- EXERCISE OBJECTIVE -
For the data below, the lines that hold "with" should be counted; only the resulting number is expected.

- DATA PROVIDED -

########

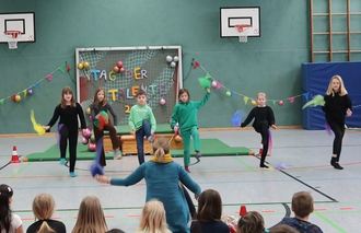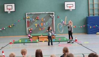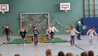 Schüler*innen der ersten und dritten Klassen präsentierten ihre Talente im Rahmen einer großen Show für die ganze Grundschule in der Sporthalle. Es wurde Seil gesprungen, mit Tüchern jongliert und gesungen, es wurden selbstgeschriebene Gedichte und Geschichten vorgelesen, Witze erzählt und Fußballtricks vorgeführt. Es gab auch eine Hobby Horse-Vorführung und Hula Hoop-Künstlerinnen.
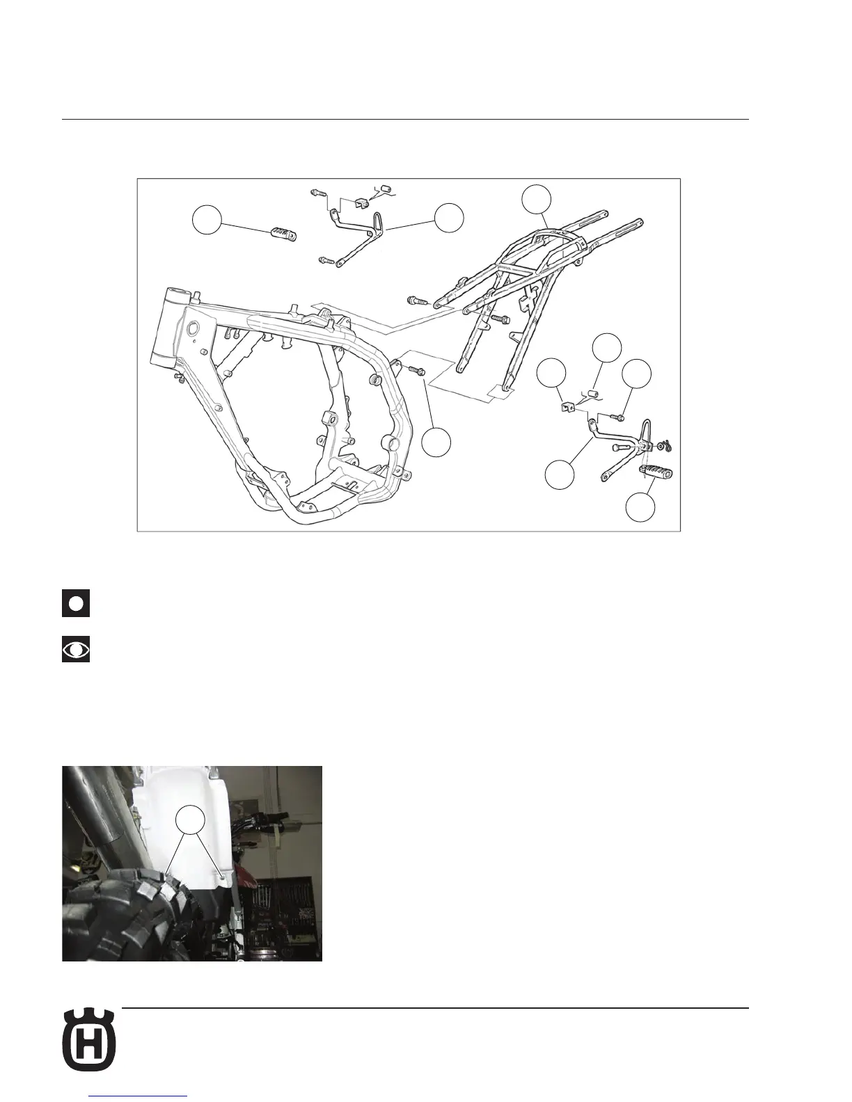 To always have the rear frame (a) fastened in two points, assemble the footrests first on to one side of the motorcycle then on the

########

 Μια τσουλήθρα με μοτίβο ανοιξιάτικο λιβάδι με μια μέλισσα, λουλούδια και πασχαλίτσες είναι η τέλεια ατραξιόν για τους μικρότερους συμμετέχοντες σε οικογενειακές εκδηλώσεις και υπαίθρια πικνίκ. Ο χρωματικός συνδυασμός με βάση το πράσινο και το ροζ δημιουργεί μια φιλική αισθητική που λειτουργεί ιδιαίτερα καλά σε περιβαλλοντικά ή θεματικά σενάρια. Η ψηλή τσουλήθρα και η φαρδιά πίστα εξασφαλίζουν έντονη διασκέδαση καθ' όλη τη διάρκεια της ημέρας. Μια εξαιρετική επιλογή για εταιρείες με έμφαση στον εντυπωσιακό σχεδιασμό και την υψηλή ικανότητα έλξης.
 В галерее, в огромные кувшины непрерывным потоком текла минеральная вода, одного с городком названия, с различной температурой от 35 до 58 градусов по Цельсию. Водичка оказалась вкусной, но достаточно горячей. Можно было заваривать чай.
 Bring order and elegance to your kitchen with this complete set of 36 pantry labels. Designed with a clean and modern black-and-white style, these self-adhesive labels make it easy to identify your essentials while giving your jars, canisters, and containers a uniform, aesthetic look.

########

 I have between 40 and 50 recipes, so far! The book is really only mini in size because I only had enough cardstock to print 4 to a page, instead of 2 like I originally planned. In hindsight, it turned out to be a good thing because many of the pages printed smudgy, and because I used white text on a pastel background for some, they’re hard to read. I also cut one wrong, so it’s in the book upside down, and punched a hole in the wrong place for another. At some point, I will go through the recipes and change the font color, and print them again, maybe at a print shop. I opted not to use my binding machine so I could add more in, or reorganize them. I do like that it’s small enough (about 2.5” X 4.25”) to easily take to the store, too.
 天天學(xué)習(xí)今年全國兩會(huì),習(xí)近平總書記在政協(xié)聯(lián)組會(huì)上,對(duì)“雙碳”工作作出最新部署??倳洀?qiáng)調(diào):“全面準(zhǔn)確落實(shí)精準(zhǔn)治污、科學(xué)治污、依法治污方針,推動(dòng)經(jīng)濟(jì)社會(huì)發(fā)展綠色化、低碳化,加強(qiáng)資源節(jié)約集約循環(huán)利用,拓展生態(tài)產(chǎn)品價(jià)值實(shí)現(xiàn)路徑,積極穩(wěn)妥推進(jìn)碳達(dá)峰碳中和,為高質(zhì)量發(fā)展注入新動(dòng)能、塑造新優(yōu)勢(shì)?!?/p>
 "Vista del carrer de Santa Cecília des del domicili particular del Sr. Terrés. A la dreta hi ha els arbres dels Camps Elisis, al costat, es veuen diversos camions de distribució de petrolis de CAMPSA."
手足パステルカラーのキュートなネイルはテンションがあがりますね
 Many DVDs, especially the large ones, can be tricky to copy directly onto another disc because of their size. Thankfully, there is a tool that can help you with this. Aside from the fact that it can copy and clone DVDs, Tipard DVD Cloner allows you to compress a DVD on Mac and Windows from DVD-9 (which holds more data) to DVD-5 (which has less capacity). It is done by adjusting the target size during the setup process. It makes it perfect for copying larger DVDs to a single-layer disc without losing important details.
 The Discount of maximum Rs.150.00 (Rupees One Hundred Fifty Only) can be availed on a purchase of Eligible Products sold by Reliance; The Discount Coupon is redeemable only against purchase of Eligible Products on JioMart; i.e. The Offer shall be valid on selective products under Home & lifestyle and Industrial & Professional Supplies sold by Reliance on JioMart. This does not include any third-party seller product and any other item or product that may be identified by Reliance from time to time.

########

- EXERCISE ANSWER -
2